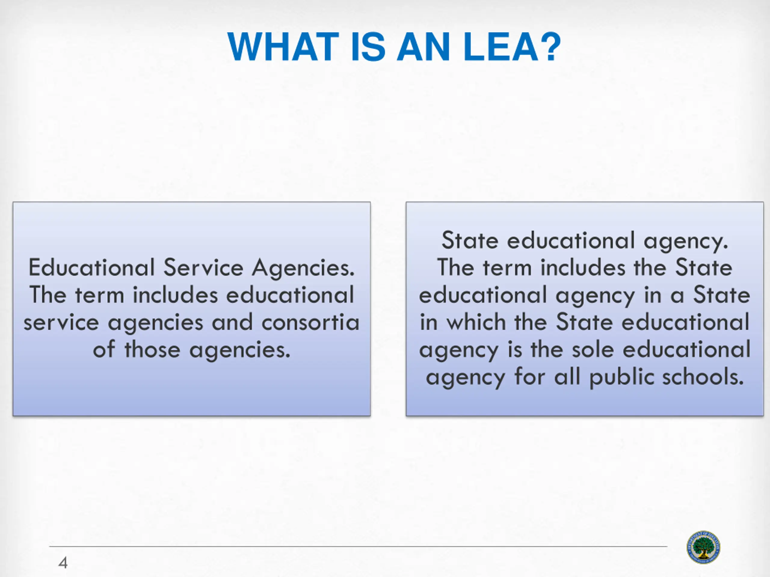 WHAT IS AN LEA? State educational agency. The term includes the State educational agency in a State in which the State educational agency is the sole educational agency for all public schools. Educational Service Agencies. The term includes educational service agencies and consortia of those agencies. 4
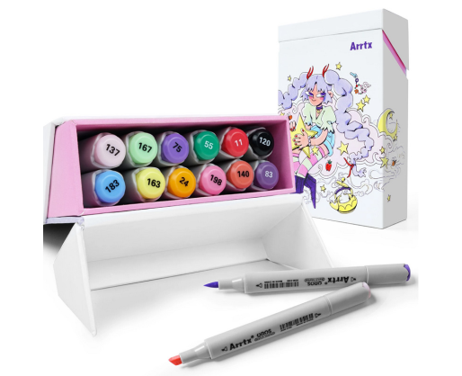 Itin ryškūs ir kokybiški profesionalūs markeriai-flomasteriai ARRTX Oros, skirti piešimui, iliustravimui, eskizavimui, ryškinimui, atvaizdavimui. Komplekte yra 12 pastelinių atspalvių. Šis markerių-flomasterių rinkinys pateikiamas su stilingo dizaino dėžute. Dėžutė sukurta taip, kad kiekvienas markeris-flomasteris turėtų atskirą skyrių, o atidarius dėžutę jos dangtis galėtų būti naudojamas kaip stovas. Tuščia dėžutė gali būti naudojama kaip daiktadėžė.Ypatybės:
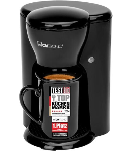 Clatronic ChenQuanSarl-Machine À Café 1 Tasse Cafetière Cafetière Filtre Avec Tasse En Céramique Incluse 140 Ml Petite Cafetière Filtre Idéale Pour Les Déplacements Ka 3356
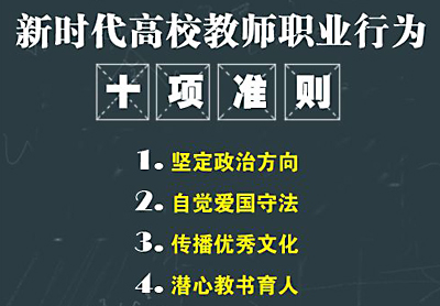 近日,教育部印發(fā)《新時(shí)代高校教師職業(yè)行為十項(xiàng)準(zhǔn)則》《新時(shí)代中小學(xué)教師職業(yè)行為十項(xiàng)準(zhǔn)則》《新...
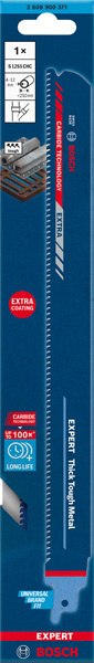 Vydrží až 100× déle při řezání odolných materiálů pilový list Bosch S1122BF - Řezání silných kovů, jako jsou ocelové profily nebo těžké litinové trubky, pravděpodobně není oblíbená část vaší práce. Instalatéři, renovátoři i demoliční pracovníci vědí, že je to náročný úkol, který i s výkonnou pilou ocaskou vyžaduje fyzickou sílu a spoustu úsilí. Pilový list EXPERT Thick Tough Metal nejen řeže silný kov, ale nabízí výjimečnou životnost i při tom nejnáročnějším používání. List s technologií Bosch Carbide Technology má velmi vysokou odolnost. Zuby z toho nejtvrdšího kovu jsou navařeny na extra robustní široké tělo ze silné oceli – ideální pro rovné řezy a výdrž. Profesionálové, kteří dosud karbidové listy Bosch nepoužívali, budou ohromeni tím, co může pilový list do pily ocasky Bosch EXPERT Thick Tough Metal vydržet. S pilovým listem do pily ocasky Bosch EXPERT Thick Tough Metal si usnadníš řezání silné oceli a litiny. Kompatibilní se všemi pilami ocaskami s upínáním pro stopku S.
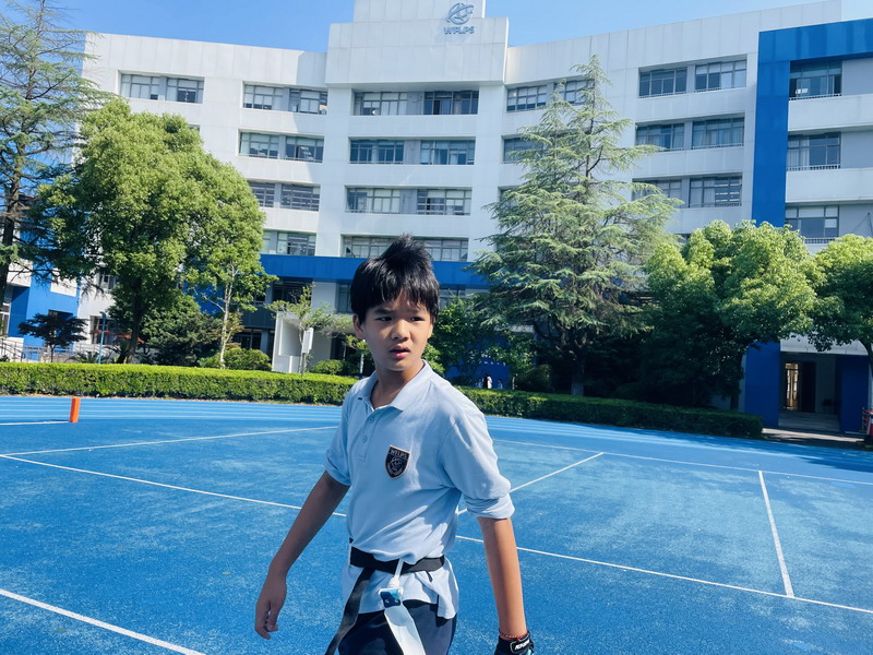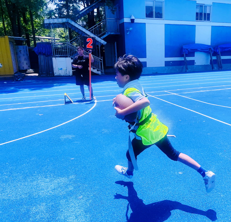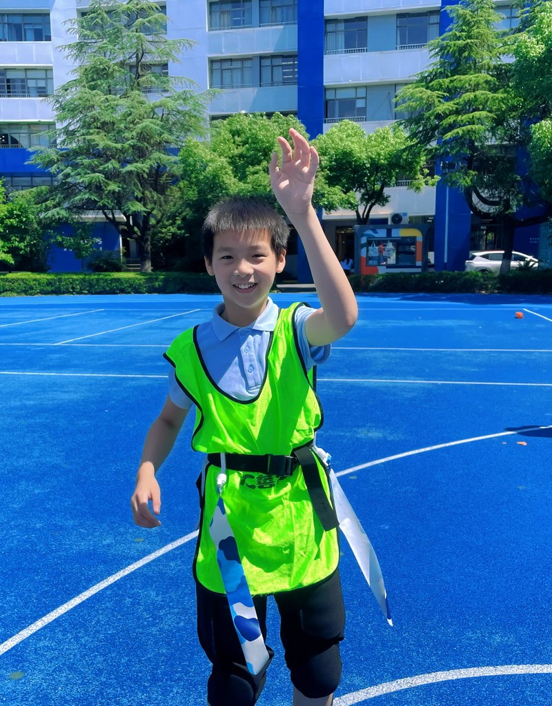 五年級P5C班的高海清同學,自四年級起便與橄欖球結下了不解之緣。無論是課上的裝備橄欖球訓練,還是課后的腰旗橄欖球社團活動,他都全身心地投入其中,享受每一次與隊友并肩作戰的時刻。高海清坦言,他深深地熱愛著這項運動。在橄欖球的世界里,他不僅感受到了運動的激情與力量,更在每一次的比賽中收獲了成長與感悟。他學會了如何在團隊中發揮自己的長處,如何與隊友緊密配合,共同面對挑戰。
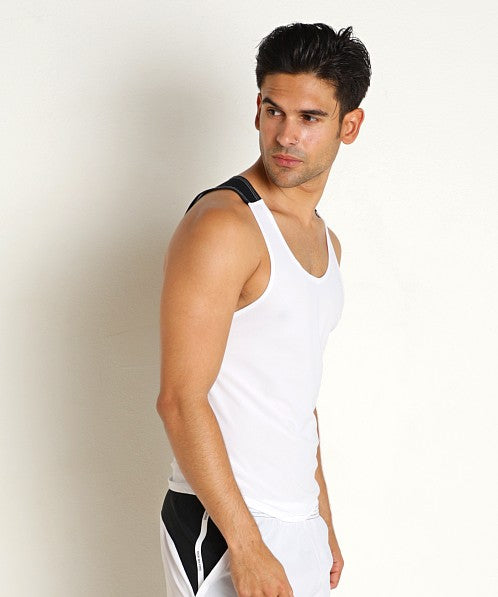 You bring the confidence, so why not flaunt it? For this sleek and sporty collection Rick Majors demanded a fabric with high-performance properties. It needed to release heat and sweat for superior breathability to keep you cool, dry and comfortable through any activity. This classic fit tank top is made of Sportek mesh, a super-light, finely perforated and semitransparent material with plenty of stretch. Pair it with the coordinating active shorts in the collection (pictured, sold separately) for a go-to set in your gym bag.

============================================================

**WORK ITEM:**
Each record above needs to be transcribed word for word, with its pictures omitted.

**EXPECTED ANSWER:**
 WHAT IS AN LEA? State educational agency. The term includes the State educational agency in a State in which the State educational agency is the sole educational agency for all public schools. Educational Service Agencies. The term includes educational service agencies and consortia of those agencies. 4
 Itin ryškūs ir kokybiški profesionalūs markeriai-flomasteriai ARRTX Oros, skirti piešimui, iliustravimui, eskizavimui, ryškinimui, atvaizdavimui. Komplekte yra 12 pastelinių atspalvių. Šis markerių-flomasterių rinkinys pateikiamas su stilingo dizaino dėžute. Dėžutė sukurta taip, kad kiekvienas markeris-flomasteris turėtų atskirą skyrių, o atidarius dėžutę jos dangtis galėtų būti naudojamas kaip stovas. Tuščia dėžutė gali būti naudojama kaip daiktadėžė.Ypatybės:
 Clatronic ChenQuanSarl-Machine À Café 1 Tasse Cafetière Cafetière Filtre Avec Tasse En Céramique Incluse 140 Ml Petite Cafetière Filtre Idéale Pour Les Déplacements Ka 3356
 近日,教育部印發(fā)《新時(shí)代高校教師職業(yè)行為十項(xiàng)準(zhǔn)則》《新時(shí)代中小學(xué)教師職業(yè)行為十項(xiàng)準(zhǔn)則》《新...
 Vydrží až 100× déle při řezání odolných materiálů pilový list Bosch S1122BF - Řezání silných kovů, jako jsou ocelové profily nebo těžké litinové trubky, pravděpodobně není oblíbená část vaší práce. Instalatéři, renovátoři i demoliční pracovníci vědí, že je to náročný úkol, který i s výkonnou pilou ocaskou vyžaduje fyzickou sílu a spoustu úsilí. Pilový list EXPERT Thick Tough Metal nejen řeže silný kov, ale nabízí výjimečnou životnost i při tom nejnáročnějším používání. List s technologií Bosch Carbide Technology má velmi vysokou odolnost. Zuby z toho nejtvrdšího kovu jsou navařeny na extra robustní široké tělo ze silné oceli – ideální pro rovné řezy a výdrž. Profesionálové, kteří dosud karbidové listy Bosch nepoužívali, budou ohromeni tím, co může pilový list do pily ocasky Bosch EXPERT Thick Tough Metal vydržet. S pilovým listem do pily ocasky Bosch EXPERT Thick Tough Metal si usnadníš řezání silné oceli a litiny. Kompatibilní se všemi pilami ocaskami s upínáním pro stopku S.
 五年級P5C班的高海清同學,自四年級起便與橄欖球結下了不解之緣。無論是課上的裝備橄欖球訓練,還是課后的腰旗橄欖球社團活動,他都全身心地投入其中,享受每一次與隊友并肩作戰的時刻。高海清坦言,他深深地熱愛著這項運動。在橄欖球的世界里,他不僅感受到了運動的激情與力量,更在每一次的比賽中收獲了成長與感悟。他學會了如何在團隊中發揮自己的長處,如何與隊友緊密配合,共同面對挑戰。
 You bring the confidence, so why not flaunt it? For this sleek and sporty collection Rick Majors demanded a fabric with high-performance properties. It needed to release heat and sweat for superior breathability to keep you cool, dry and comfortable through any activity. This classic fit tank top is made of Sportek mesh, a super-light, finely perforated and semitransparent material with plenty of stretch. Pair it with the coordinating active shorts in the collection (pictured, sold separately) for a go-to set in your gym bag.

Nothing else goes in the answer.